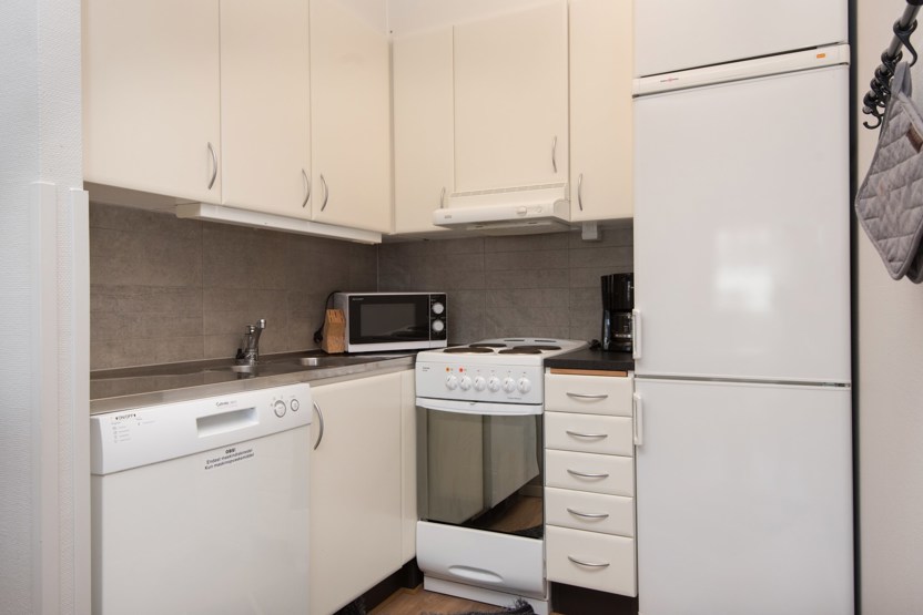 Køkkenet indeholder: elkomfur med ovn, køleskab, frys, opvaskemaskine, microovn.
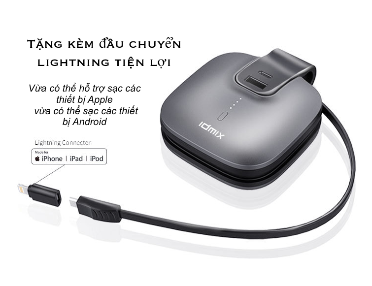 Thiết bị di động trong thời đại 4.0 gần như là vật bất li thân của con người hiện đại, và hiển nhiên, Pin dự phòng cũng chính là “tri kỉ” không thể thiếu để bảo đảm năng lượng luôn đầy đủ cho các thiết bị công nghệ, đặc biệt trong những tình huống cấp bách. Với Pin dự phòng cao cấp IDMIX Mr Charger, chắc chắn sẽ là lựa chọn tối ưu của những người có phong cách sống năng động, đơn giản & hiện đại.
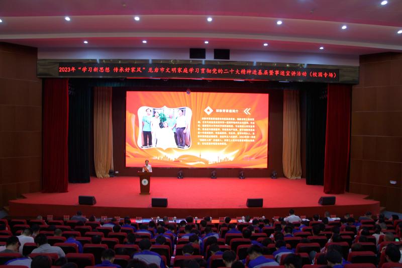 近日,由龍巖市委文明辦、龍巖市婦聯指導的龍巖市2023年“學習新思想 傳承好家風”文明家庭學習貫徹黨的二十大精神進基層暨事跡宣講活動在龍巖技師學院進行首場巡講。
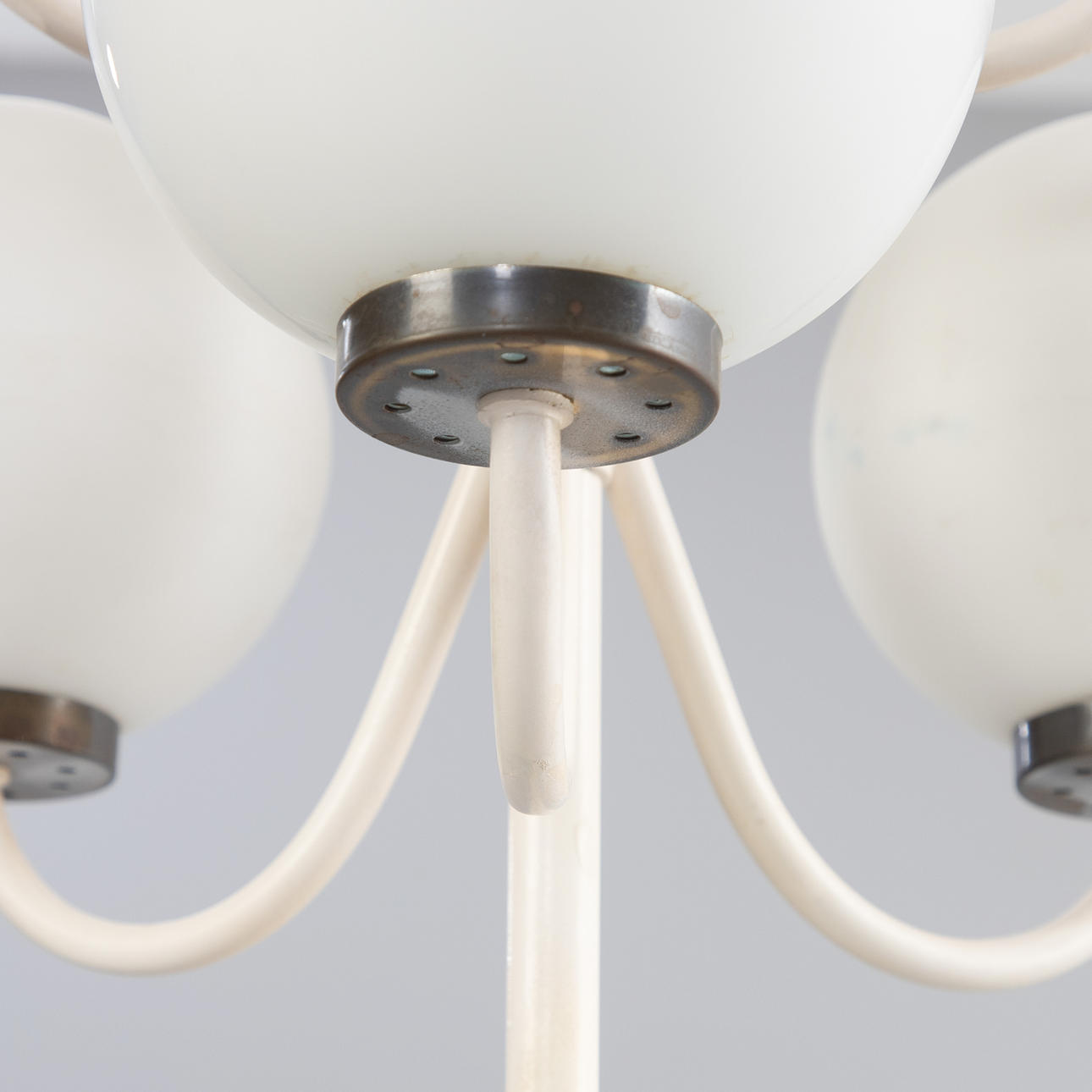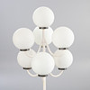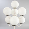 Stehlampe mit 7 Kugeln aus satiniertem Glas und weiß lackierter Halterung. 7 Brennstellen.
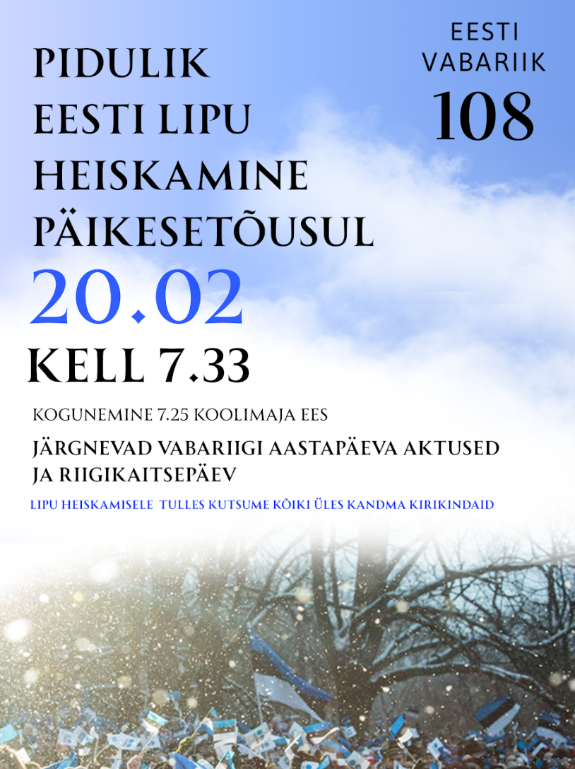 Head lapsevanemad, õpilased ja õpetajad! 20. veebruaril tähistame Eesti Vabariigi 108. aastapäeva. Ootame teid kõiki tähistama…
***
> [PROMPT] Your answer must be an exact copy of the entries above, with no pictures in it.

> [EXPECTED ANSWER]
 Køkkenet indeholder: elkomfur med ovn, køleskab, frys, opvaskemaskine, microovn.
 Thiết bị di động trong thời đại 4.0 gần như là vật bất li thân của con người hiện đại, và hiển nhiên, Pin dự phòng cũng chính là “tri kỉ” không thể thiếu để bảo đảm năng lượng luôn đầy đủ cho các thiết bị công nghệ, đặc biệt trong những tình huống cấp bách. Với Pin dự phòng cao cấp IDMIX Mr Charger, chắc chắn sẽ là lựa chọn tối ưu của những người có phong cách sống năng động, đơn giản & hiện đại.
 近日,由龍巖市委文明辦、龍巖市婦聯指導的龍巖市2023年“學習新思想 傳承好家風”文明家庭學習貫徹黨的二十大精神進基層暨事跡宣講活動在龍巖技師學院進行首場巡講。
 Stehlampe mit 7 Kugeln aus satiniertem Glas und weiß lackierter Halterung. 7 Brennstellen.
 Head lapsevanemad, õpilased ja õpetajad! 20. veebruaril tähistame Eesti Vabariigi 108. aastapäeva. Ootame teid kõiki tähistama…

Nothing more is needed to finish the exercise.